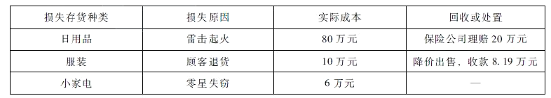 ( 1)小家电零星失窃应作进项税额转出处理;转出的进项税额=6 x 16%=0.96 (万元); 其他的存货损失无须作进项税额转出处理。 (2)①a企业发生的损失,减除责任人赔偿和保险赔款后的余额,依照国务院财政、税务主管部门]的规定扣除。故日用品损失在企业所得税税前扣除时申报扣除金额=80--20=60(万元)。 b.服装损失在企业所得税税前扣除时申报扣除金额=10- -8.19+ ( 1+16%) =2.94 (万元)。 c.小家电损失在企业所得税税前扣除时申报扣除金额=6+6x16%=6.96(万元)。, ②a.商业零售企业存货因零星失窃、报废、废弃、过期、破损、腐败、鼠咬、顾客退换货等正常因素形成的损失,为存货正常损失,准予按会计科目进行归类、汇总,然后再将汇总数据以清单的形式进行企业所得税纳税申报,同时出具损失情况分析报告。 故采取清单申报扣除的有:服装损失、小家电损失。 b.商业零售企业存货因风、火、雷、震等自然灾害,仓储、运输失事,重大案件等非正常因素形成的损失,为存货非正常损失,应当以专项申报形式进行企业所得税纳税申报。故采取专项申报扣除的是日用品损失。 (3)企业资产损失相关的证据包括具有法律效力的外部证据和特定事项的企业内部证据。
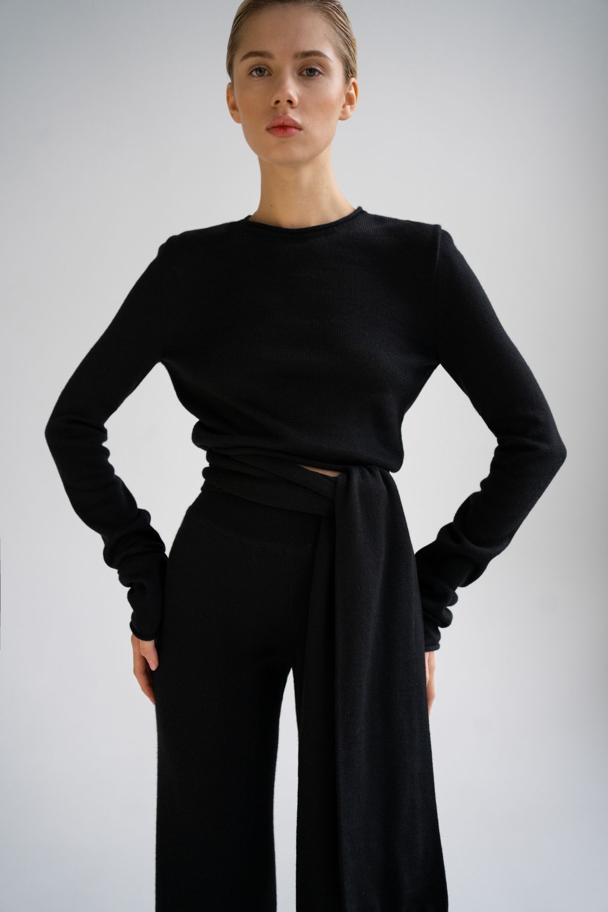 Knitted sweater with a wide scarf belt around the waist made of Australian merino wool.Composition: 60% Australian merino wool, 40% Viscose
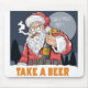 Illustration av Jultomten, med vitt hår och skägg, med glasögon, med en flaska av ölen i högerna och med lämnat hand röka en cigarr med en röd kostym med vit päls-trim, en svart bälte med ett låsbeslag av guld och en vit knapp. Bakgrunden är mörk blått med silhuetterna gräs träd och en stor grått-cirkel med ord "CHRISTMASS PARTY..." skrivet på den. Orden "TA A BEER" skrivs i orange brev vid grund i bilden. Stil är karikatyrartat med djärva konturer och platt färg.
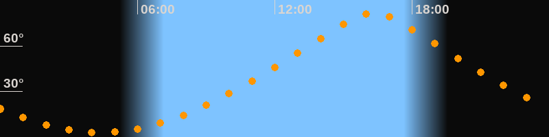 | Höchster Stand (Kulmination) | 16:19 Uhr (h = 81,6°) |
——
◆ Work item: Reproduce the lines from the one with "Knitted sweater with" through the end of the data, keeping both end lines, adding nothing, and dropping any pictures.

◆ Problem solution:
 Knitted sweater with a wide scarf belt around the waist made of Australian merino wool.Composition: 60% Australian merino wool, 40% Viscose
 Illustration av Jultomten, med vitt hår och skägg, med glasögon, med en flaska av ölen i högerna och med lämnat hand röka en cigarr med en röd kostym med vit päls-trim, en svart bälte med ett låsbeslag av guld och en vit knapp. Bakgrunden är mörk blått med silhuetterna gräs träd och en stor grått-cirkel med ord "CHRISTMASS PARTY..." skrivet på den. Orden "TA A BEER" skrivs i orange brev vid grund i bilden. Stil är karikatyrartat med djärva konturer och platt färg.
 | Höchster Stand (Kulmination) | 16:19 Uhr (h = 81,6°) |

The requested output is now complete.